=== Work instructions ===
Going down the data below, set down exactly the line with "view. Brunette woman" and each line after it through the line with "Mikroskop 50L PLUS"; no other lines.

=== Data to use ===
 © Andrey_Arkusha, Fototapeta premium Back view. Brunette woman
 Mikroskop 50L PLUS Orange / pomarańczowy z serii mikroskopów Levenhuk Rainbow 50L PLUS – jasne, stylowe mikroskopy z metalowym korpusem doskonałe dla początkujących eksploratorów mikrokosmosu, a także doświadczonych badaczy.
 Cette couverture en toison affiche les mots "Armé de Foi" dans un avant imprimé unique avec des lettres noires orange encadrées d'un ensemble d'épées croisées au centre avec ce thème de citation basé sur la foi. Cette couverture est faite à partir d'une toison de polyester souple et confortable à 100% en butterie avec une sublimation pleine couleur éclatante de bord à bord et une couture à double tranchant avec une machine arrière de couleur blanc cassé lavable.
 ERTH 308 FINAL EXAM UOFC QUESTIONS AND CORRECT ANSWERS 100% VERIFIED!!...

==

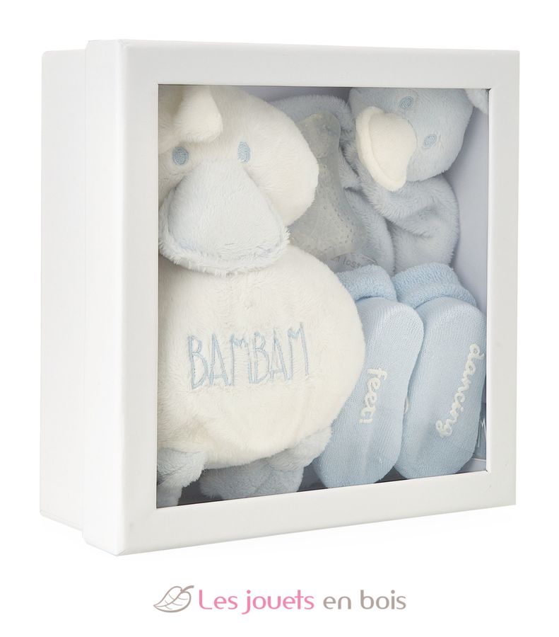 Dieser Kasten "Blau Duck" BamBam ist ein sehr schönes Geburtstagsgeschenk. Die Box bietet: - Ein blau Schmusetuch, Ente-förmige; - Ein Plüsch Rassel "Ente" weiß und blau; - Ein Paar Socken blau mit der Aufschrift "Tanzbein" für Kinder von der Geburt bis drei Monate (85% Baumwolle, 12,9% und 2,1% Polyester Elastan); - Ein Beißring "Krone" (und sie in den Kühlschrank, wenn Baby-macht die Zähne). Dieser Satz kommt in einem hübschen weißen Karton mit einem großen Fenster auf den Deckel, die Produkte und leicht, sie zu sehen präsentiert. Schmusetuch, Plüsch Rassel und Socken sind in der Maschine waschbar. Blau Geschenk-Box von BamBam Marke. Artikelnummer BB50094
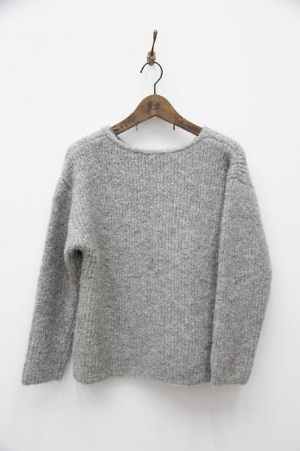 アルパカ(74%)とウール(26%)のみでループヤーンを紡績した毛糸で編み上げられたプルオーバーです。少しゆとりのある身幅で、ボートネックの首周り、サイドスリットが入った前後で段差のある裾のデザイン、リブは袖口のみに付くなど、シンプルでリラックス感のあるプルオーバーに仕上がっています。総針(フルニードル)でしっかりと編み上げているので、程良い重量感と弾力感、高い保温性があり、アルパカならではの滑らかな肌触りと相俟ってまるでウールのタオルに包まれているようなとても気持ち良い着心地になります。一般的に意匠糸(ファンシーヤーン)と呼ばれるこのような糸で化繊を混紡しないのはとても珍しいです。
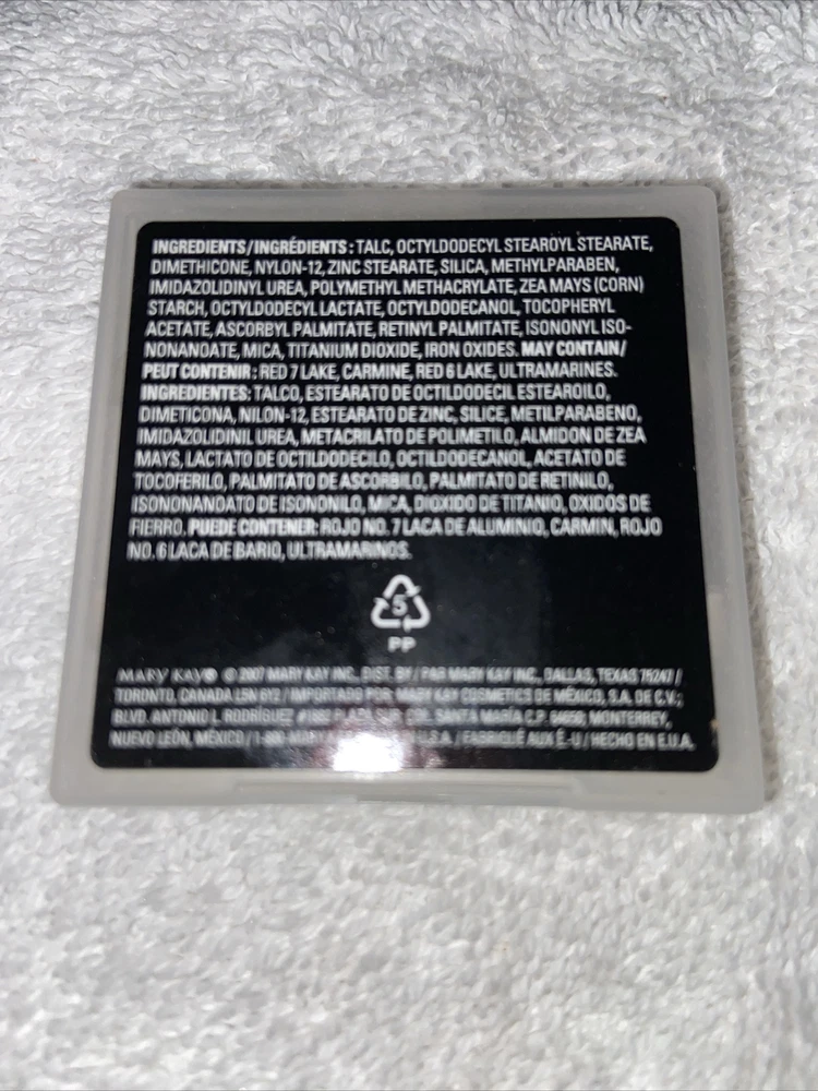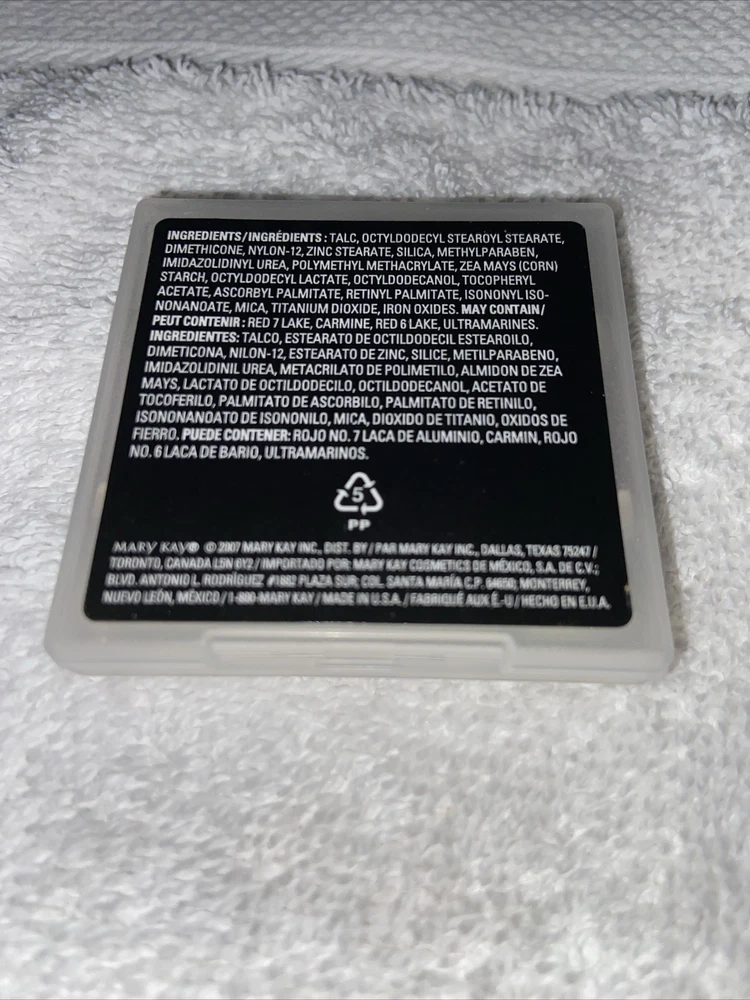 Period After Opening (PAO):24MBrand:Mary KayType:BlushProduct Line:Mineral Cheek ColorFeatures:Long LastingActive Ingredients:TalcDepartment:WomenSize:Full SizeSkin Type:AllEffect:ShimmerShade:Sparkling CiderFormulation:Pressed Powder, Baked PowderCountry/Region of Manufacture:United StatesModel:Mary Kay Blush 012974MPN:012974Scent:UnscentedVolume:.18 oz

---

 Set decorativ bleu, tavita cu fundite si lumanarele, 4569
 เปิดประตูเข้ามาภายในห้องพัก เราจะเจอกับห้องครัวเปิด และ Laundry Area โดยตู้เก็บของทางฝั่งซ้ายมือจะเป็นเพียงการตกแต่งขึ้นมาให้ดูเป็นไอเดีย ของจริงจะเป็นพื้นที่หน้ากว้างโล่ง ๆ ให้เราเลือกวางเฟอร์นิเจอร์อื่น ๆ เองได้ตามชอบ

=== Solution to this problem ===
 © Andrey_Arkusha, Fototapeta premium Back view. Brunette woman
 Mikroskop 50L PLUS Orange / pomarańczowy z serii mikroskopów Levenhuk Rainbow 50L PLUS – jasne, stylowe mikroskopy z metalowym korpusem doskonałe dla początkujących eksploratorów mikrokosmosu, a także doświadczonych badaczy.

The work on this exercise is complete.